Fig. 8. Immunohistochemical staining of collagen type I in Saos-2 cells cultured on untreated cpTi and differently nanostructured cpTi scaffolds on day 7 (A–E) and day 11 (F–J) of culture. Collagen type I (green) and propidium iodide staining (cell nuclei, red), untreated cpTi (A and F), cpTi modified by anodic oxidation at 10 V (B and G), 15 V (C and H), 20 V (D and I) and control glass (E and J). Objective 20×, magnification 2×, scale bar 20 μm.

Fig. 9. Immunohistochemical staining of osteocalcin (green) and propidium iodide staining (cell nuclei, red) in human osteosarcoma cells Saos-2 cultured on untreated cpTi (A), cpTi modified by anodic oxidation at 10 V (B), 15 V (C), 20 V (D) and control glass (E) on day 11. Objective 40×, magnification 1×, scale bar 20 μm, immerse oil.

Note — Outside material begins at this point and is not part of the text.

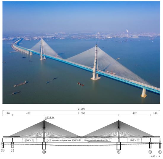 To effectively discuss the algorithm of the ship–bridge collision risk considering the ship’s dimension, we tested our algorithm with the Shanghai–Nantong Railway Yangtze River Bridge. The Shanghai–Nantong Railway Yangtze River Bridge connects the cities of Suzhou and Nantong in Jiangsu Province, China, with a total length of 2296 m and a main span of 1092 m. The single-hole two-way span of the main navigation hole channel of the bridge is 900 m, as is the navigation clearance width. The Shanghai–Nantong Railway Yangtze River Bridge plan is shown in Figure 6 [].
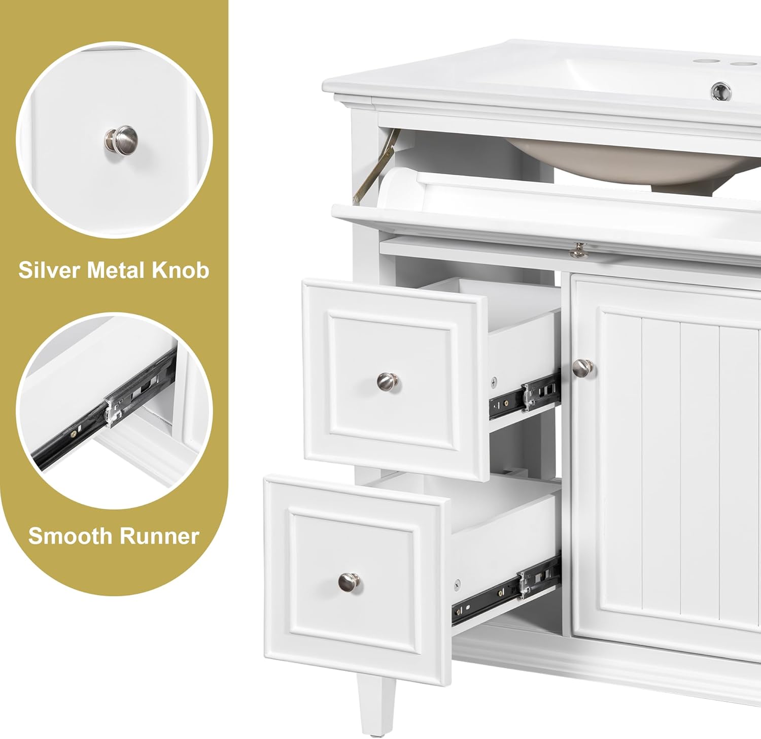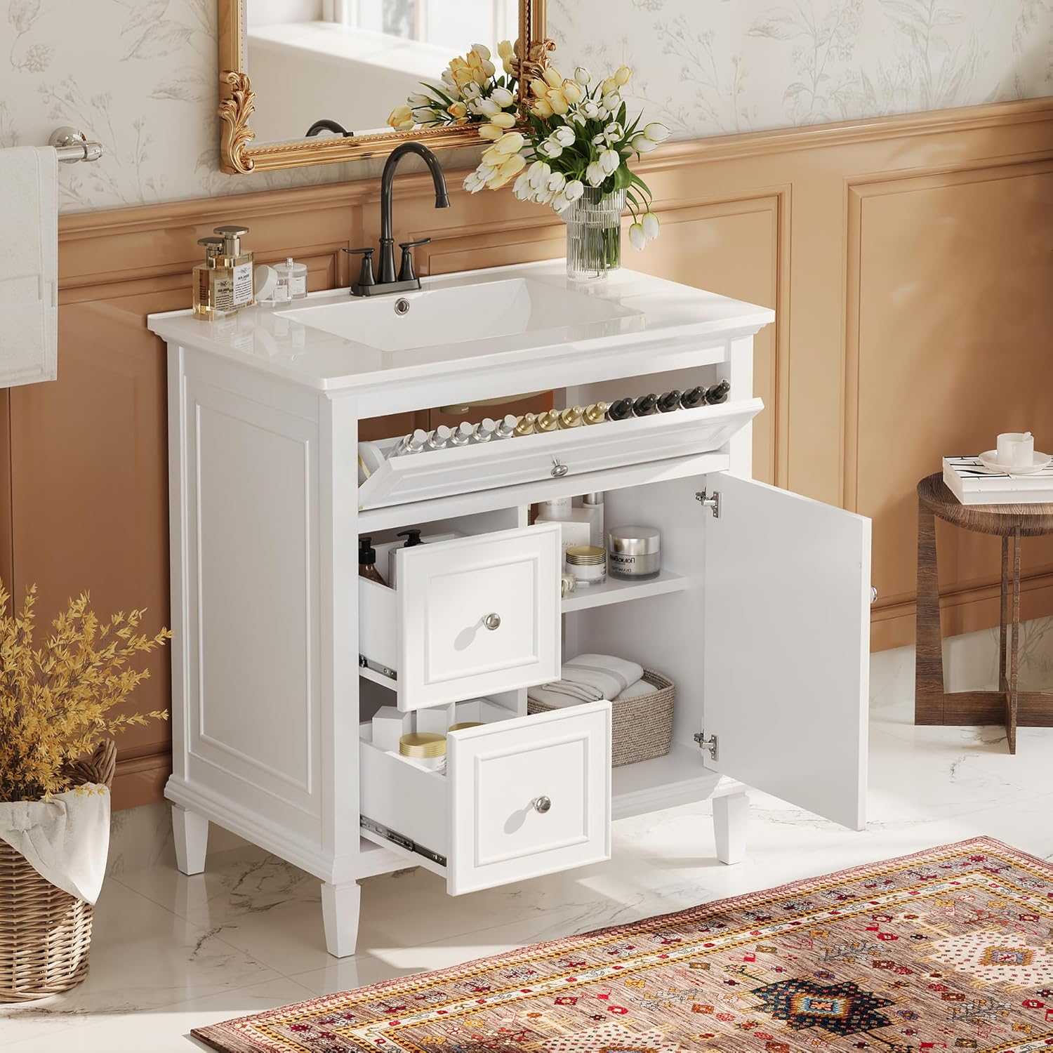 | Model Name | 30 Inch Bathroom Vanity with Ceramic Sink Set Combo, Cabinet with Drawer and Doors, Solid Wood Frame with Painted Finish, Modern Style |

Fig. 10. Depth profiles of mechanical properties differently nanostructured cpTi. There is clearly visible influence of porosity on graphs. Mechanical properties decrease with increasing porosity. Based on rule the 1/10 and length of nanotubes in the Table 2 we can accept measured data up to the contact depth h_c = 46.7 ± 2.4 nm for 10 V, h_c = 73.1 ± 3.2 nm for 15 V and h_c = 109.7 ± 7.5 nm for 20 V.

Fig. 11. Depth profile of hardness. Zone I: initial compression of nanotubes in axial direction. Zone II: combination of compression and lateral bending of nanotubes. Zone III: combination of densification and influence of substrate.